The Microsoft of today is the Apple of yesteryear; directionless, adrift, unpopular, deserted by the technical elite, and home to mostly shitty software. Microsoft produces a thousand different products with no unified vision or purpose, and most of them bleed money. Like the Apple of the 1990s, research labs belch forth an unending stream of interesting but irrelevant tech-demo-products that suck away funds and talent from the popular products and the money-makers.

Windows Live Writer, for example. I’ve heard it’s quite good, but why isn’t it bundled with Vista or XP? Since you have to go out and find it to use it, its audience will be very small, dooming it to near-irrelevance in the elephantine-huge scheme of things. It’s also got no real business model behind it save a tenuous link to Windows Live, which itself is free and relies on ads to support itself. Soooooo… what’s the point? Has the product group in charge of Windows Live Writer actually produced anything valuable to Microsoft? If WLW were bundled with Vista or Office or sold for a profit, then it could begin to contribute value to the company. As is, it does nothing. It’s subsidized freeware with a small audience.

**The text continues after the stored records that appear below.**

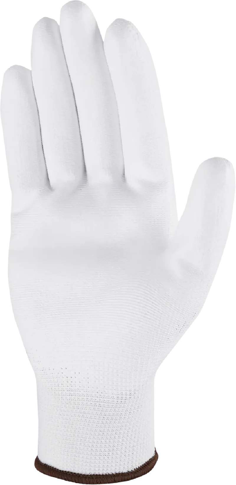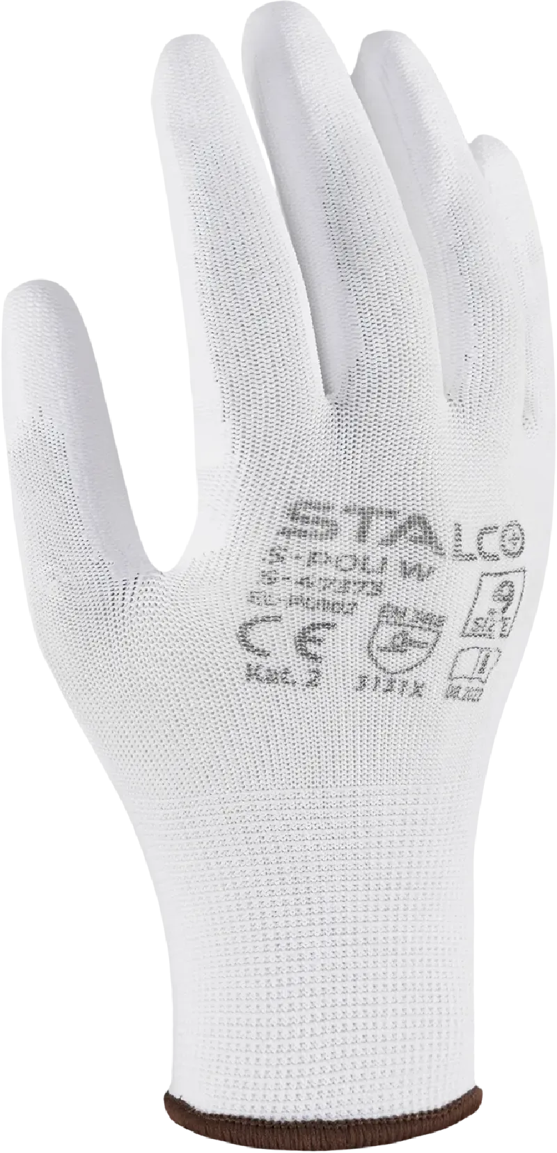 Ultraľahké pracovné rukavice STALCO (veľ. 10/XL) z polyesterového úpletu 13G. Dlaň potiahnutá bielym polyuretánom (PU) pre vysokú citlivosť a ochranu. Kategória II, EN 388 (3121X).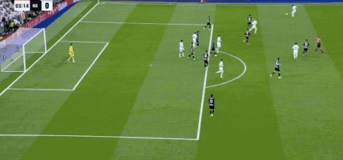 第39分钟,皇马获得任意球,维尼修斯一拨,巴尔韦德标志性起脚怒射,门将将球扑出,皮球来到吕迪格身前,德国后卫不停球撩射,打破僵局。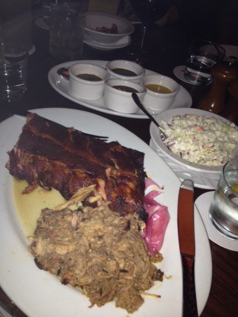 Who doesn’t like a platter of meat? Before I even get there, we need to check in on the pickles. I ate a bowl of their pickles. No, I didn’t mean that I shared a bowl. I mean I ate a bowl of pickles. Then, I ordered the Q2 with baby back ribs and pulled pork. Everything they do is dry rubbed and it’s amazing. Ahhhhhh-MAY-zing! It doesn’t even need the sauces, but all four of their standard sauces are gluten free and dairy free, according to our waiter. I didn’t have a whole lot of confidence in our waiter, but I had to try the Carolina sauce. And that Carolina sauce… I may need a moment before I can continue without drooling on my keyboard… It was a bit thicker than a traditional Carolina sauce, but it was packed with just the right amount of flavor to really complement the meat and rub. I couldn’t eat more than two ribs and about half of my pulled pork. I took the rest to go and had an amazing breakfast the next day.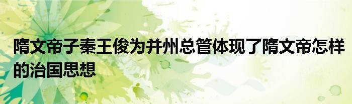 关于隋文帝子秦王俊为并州总管体现了隋文帝怎样的治国思想这个很多人还不知道,今天菲菲来为大家解答以上的问题,现在让我们一起来看看吧!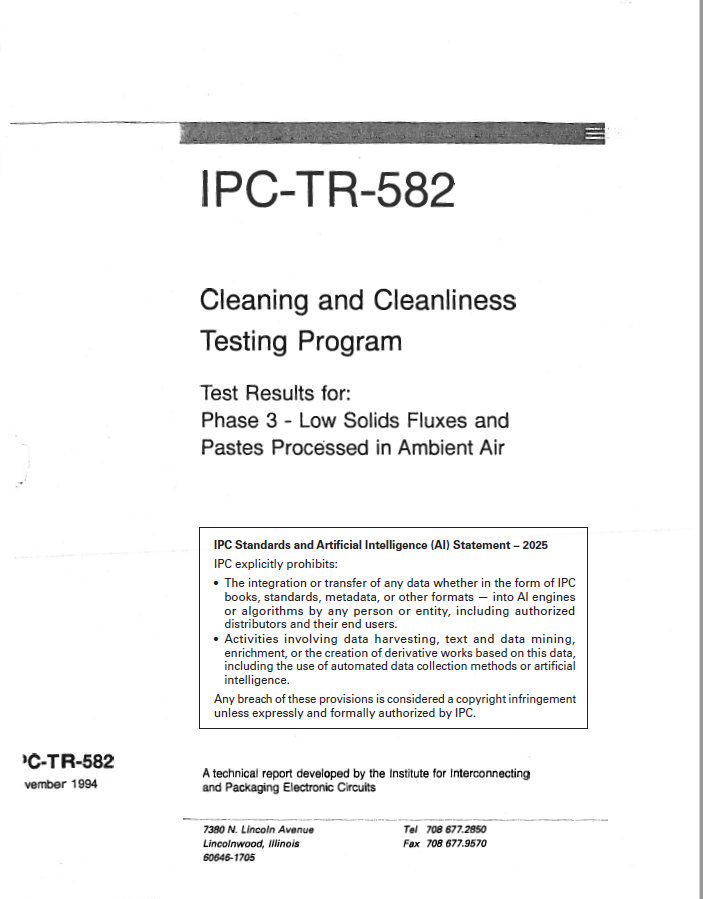 | Standard Number: | IPC-TR-582 - Standard Only |
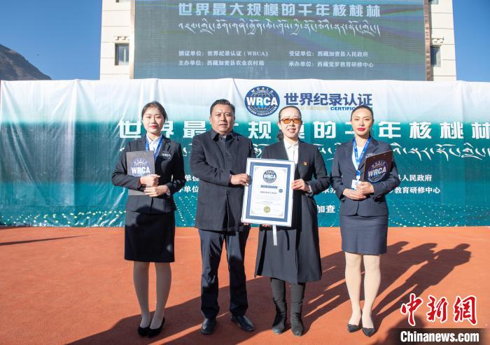 15日,經(jīng)世界紀錄認證(WRCA)官方人員現(xiàn)場審核,西藏山南市加查縣被認證為“世界最大規(guī)模的千年核桃林”。

And what about Windows Life Photo Gallery? How does it differ from the Windows (non-Live) Photo Gallery that comes bundled with Vista? If you already uses one, what’s the benefit of the other? How does it enhance Microsoft’s bottom line or contribute to its technological prowess or enhance existing products?

For that matter, why does Windows Live itself exist? Microsoft isn’t any good at search and doesn’t make money from it, so Live Search is a dud. Windows Live Hotmail likewise doesn’t earn the company anything, and it’s a constant poster boy for poor software design among nerds.

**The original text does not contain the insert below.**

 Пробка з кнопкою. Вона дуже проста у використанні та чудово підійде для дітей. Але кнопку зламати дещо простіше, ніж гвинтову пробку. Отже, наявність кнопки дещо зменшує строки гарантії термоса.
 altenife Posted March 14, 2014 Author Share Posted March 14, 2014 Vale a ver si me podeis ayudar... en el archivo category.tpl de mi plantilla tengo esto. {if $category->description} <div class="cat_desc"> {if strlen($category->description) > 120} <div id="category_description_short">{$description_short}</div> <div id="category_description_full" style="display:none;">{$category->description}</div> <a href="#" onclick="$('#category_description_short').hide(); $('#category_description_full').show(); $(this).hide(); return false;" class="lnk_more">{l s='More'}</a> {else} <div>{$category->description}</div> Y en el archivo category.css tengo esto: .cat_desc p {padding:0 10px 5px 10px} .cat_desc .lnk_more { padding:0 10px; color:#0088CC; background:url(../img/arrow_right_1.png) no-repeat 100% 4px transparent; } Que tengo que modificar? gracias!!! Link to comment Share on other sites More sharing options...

And what about PhotoSynth? Sure it makes cool panoramas, but where’s the money for it coming from, and what revenus it it bringing in? None! Nada! Zippo!

This stuff is exactly what Apple did during the mid-90s. Its research labs produced plenty of amusing curios, tech demos that never materialized into successful products, and free add-ons for the Mac OS that did nothing but suck resources away from the money-making products. The Newton, for example, was hailed by its few users, but at the time it was a failing product that merely drained Apple’s coffers. An adjunct to the Newton was the eMate, a low-cost laptop with a lilliputian stylus-driven monochrome touchscreen. It was unclear at the time why Apple was producing such products when its Macintosh line was stagnating and public opinion was turning against them, and it was years before Jobs returned to trim the fat.

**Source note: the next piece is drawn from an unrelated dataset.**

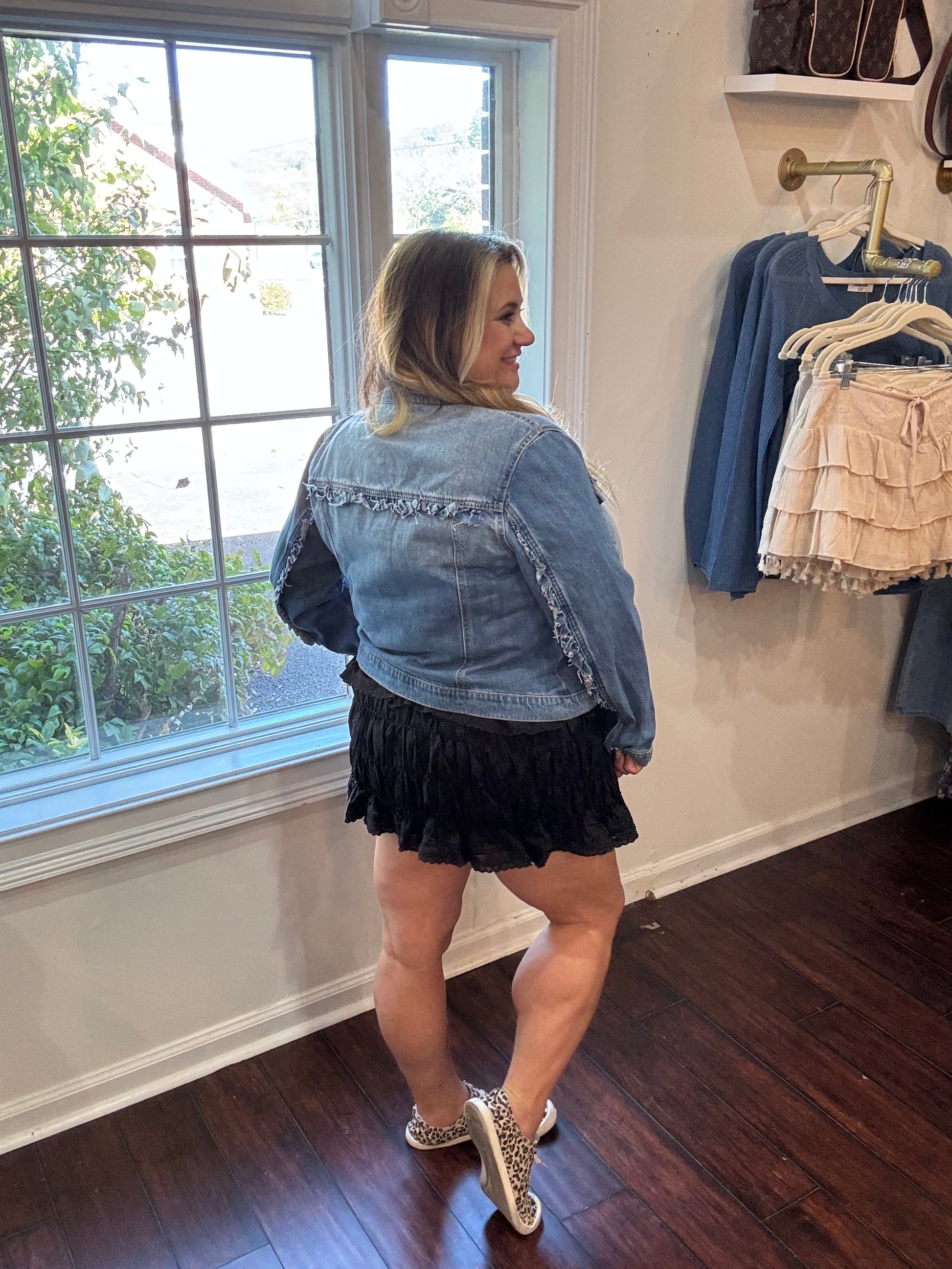 Say hello to your new favorite LBR (little black romper). The Midnight Ruffle Romper features soft tiered ruffles, delicate lace trim, and a low open back with a tie detail that brings all the drama. Bonus: it’s got built-in shorts so you can dance all night with confidence. Pair it with boots, sandals, or heels—this one’s made to steal hearts and turn heads.

This is what Microsoft must do: trim the fat. Reduce the bloat, concentrate on Windows and Office, and produce only software that can either be sold for a profit, or comes bundled with the operating system to enhance its value. Apple did this and turned around its fortunes in a year or two. So can Microsoft.

2 Responses to “Microsoft: The New Old Apple”

  1. Amwe Says:

    Careful–if you decide to go get an MBA, the evil Microsoft might just make you a job offer you can’t refuse…

  2. Simon Says:

    > Windows Live Writer, for example. I’ve heard it’s quite good, but why isn’t it bundled with Vista…?

    Just maybe something to do with the fact that whenever Microsoft bundle middleware, they end up as the subject of an EU or DoJ antitrust suit?

    > And what about Windows Life Photo Gallery? How does it differ from the Windows (non-Live) Photo Gallery that comes bundled with Vista? If you already uses one, what’s the benefit of the other?

    WLPG is the newest version of WPG. They just changed the name. (Presumably because some marketing droid wanted to get the “Live” brand in every place they possibly could).